Each thruMaps directory has a different language ($LANG) that contains modules relevant to that language.


da3 Server

.tch files in /fast/:

da3 contains the same files located on da0, except for b2f, c2cc, f2b, and f2c. This folder can be used for faster reading, hence the directory name. In the context of oscar.py, the dictionary values listed in the PATHS dictionary can be changed from /da0_data/basemaps/... to /fast/... when referencing oscar.py in another program.
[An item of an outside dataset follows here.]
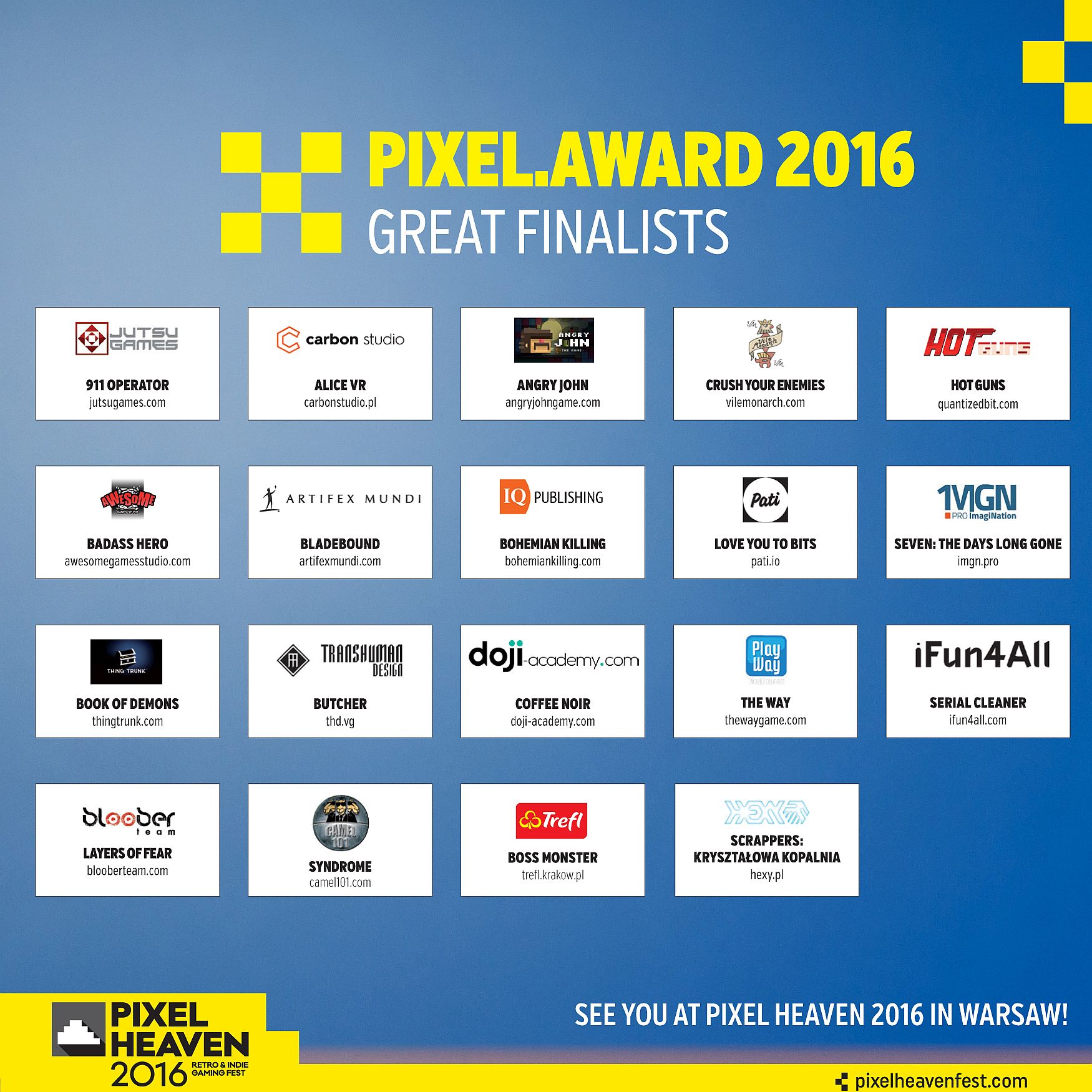 To już 4. edycja największego w Polsce międzynarodowego konkursu dla twórców gier niezależnych. Wszystko rozstrzygnie się na imprezie Pixel Heaven w dniach 3-5 czerwca 2016 r. w Warszawie. O tym, kto zdobędzie laur zwycięzcy zdecyduje jury oraz (w przypadku kategorii Grand Prix) publiczność. Uroczyste wręczenie nagród zaplanowano na 4 czerwca 2016.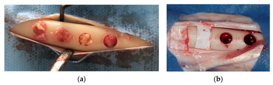 Skin and periosteal incisions were performed on left and right tibia to achieve surgical field exposure. Four 5-mm diameter defects, 5-mm apart from each other, were created using a calibrated 5 × 22 mm trephine bur (Salvin Dental Specialties, Inc., Charlotte, NC, USA) to a depth of 5 mm, using a physiodispenser at 1500 rpm and under cold saline irrigation. The whole superficial cortical plate was removed. Randomly, two of the defects created on the right tibia (control) were left empty, and the other two were grafted with an anorganic bovine bone (Bio-Oss, Geistlich PhaRMA, Wolhusan, Switzerland) and then covered with a resorbable collagen membrane (Bio-Gide, Geistlich PhaRMA). On the left tibia (test), two defects were filled with PRF alone whereas the other two were filled with anorganic bovine bone (Bio-Oss, Geistlich PhaRMA, Wolhusan, Switzerland) mixed with PRF, and covered with a PRF membrane (Figure 2a,b). The subcutaneous tissue was closed with 2.0 resorbable sutures (Vicryl, Ethicon Inc., New Jersey, USA) and the skin was closed with skin stapler.

OSCAR functions from oscar.py

Note: "/<function_name>" after a function name denotes the version of that function that returns a Generator object

These are corresponding functions in oscar.py that open the .tch files listed above for a given entity:

  1. Author('...') - initialized with a combination of name and email
    • .commit_shas/commits
    • .project_names
    • .torvald - returns the torvald path of an Author, i.e, who did this Author work with that also worked with Linus Torvald
  2. Blob('...') - initialized with SHA of blob
    • .commit_shas/commits - commits removing this blob are not included
  3. Commit('...') - initialized with SHA of commit
    • .blob_shas/blobs
    • .child_shas/children
    • .changed_file_names/files_changed
    • .parent_shas/parents
    • .project_names/projects
  4. Commit_info('...') - initialized like Commit()
    • .head
    • .time_author
  5. File('...') - initialized with a path, starting from a commit root tree
    • .commit_shas/commits
  6. Project('...') - initialized with project name/URI
    • .author_names
    • .commit_shas/commits

The non-Generator version of these functions will return a tuple of items which can then be iterated:

for commit in Author(author_name).commit_shas:
	print(commit)

Examples of doing certain tasks

  • Get a list of commits and repositories that imported Tensorflow for .py files:
    On da0: UNIX> zcat /data/play/PYthruMaps/c2bPtaPkgOPY.0.gz | grep tensorflow
    Output:
0000331084e1a567dbbaae4cc12935b610cd341a;abdella-mohamed_BreastCancer;1553266304;abdella <abdella.mohamed-idris-mohamed@de.sii.group>;0dd695391117e784d968c111f010cff802c0e6d1;sns;keras.models;np;random;tensorflow;os;pd;sklearn.metrics;plt;keras.layers;yaml
00034db68f89d3d2061b763deb7f9e5f81fef27;lucaskjaero_chinese-character-recognizer;1497547797;Lucas Kjaero <lucas@lucaskjaero.com>;0629a6caa45ded5f4a2774ff7a72738460b399d4;tensorflow;preprocessing;sklearn
000045f6a3601be885b0b028011440dd5a5b89f2;yjernite_DeepCRF;1451682395;yacine <yacine.jernite@nyu.edu>;4aac89ae85b261dba185d5ee35d12f6939fc2e44;nn_defs;utils;tensorflow
000069240776f2b94acb9420e042f5043ec869d0;tickleliu_tf_learn;1530460653;tickleliu <tickleliu@163.com>;493f0fc310765d62b03390ddd4a7a8be96c7d48c;np;tf;tensorflow
.....
  • Get a list of commits made by a specific author:
    On da0: UNIX> zcat /data/basemaps/gz/a2cFullP0.s | grep "Albert Krawczyk" <pro-logic@optusnet.com.au>
    Output:
"Albert Krawczyk" <pro-logic@optusnet.com.au>;17abdbdc90195016442a6a8dd8e38dea825292ae
"Albert Krawczyk" <pro-logic@optusnet.com.au>;9cdc918bfba1010de15d0c968af8ee37c9c300ff
"Albert Krawczyk" <pro-logic@optusnet.com.au>;d9fc680a69198300d34bc7e31bbafe36e7185c76
  • Do the same thing above using oscar.py:
UNIX> python
>>> from oscar import Author
>>> Author('"Albert Krawczyk" <pro-logic@optusnet.com.au>').commit_shas
('17abdbdc90195016442a6a8dd8e38dea825292ae', '9cdc918bfba1010de15d0c968af8ee37c9c300ff', 'd9fc680a69198300d34bc7e31bbafe36e7185c76')
  • Get the URL of a projects repository using the oscar.py Project(...).toURL() function:
UNIX> python
>>> from oscar import Project
>>> Project('notcake_gcad').toURL()
'https://github.com/notcake/gcad'

Examples of implementing applications -- Simple vs. Complex

Finding 1st-time imports for AI modules (Simple)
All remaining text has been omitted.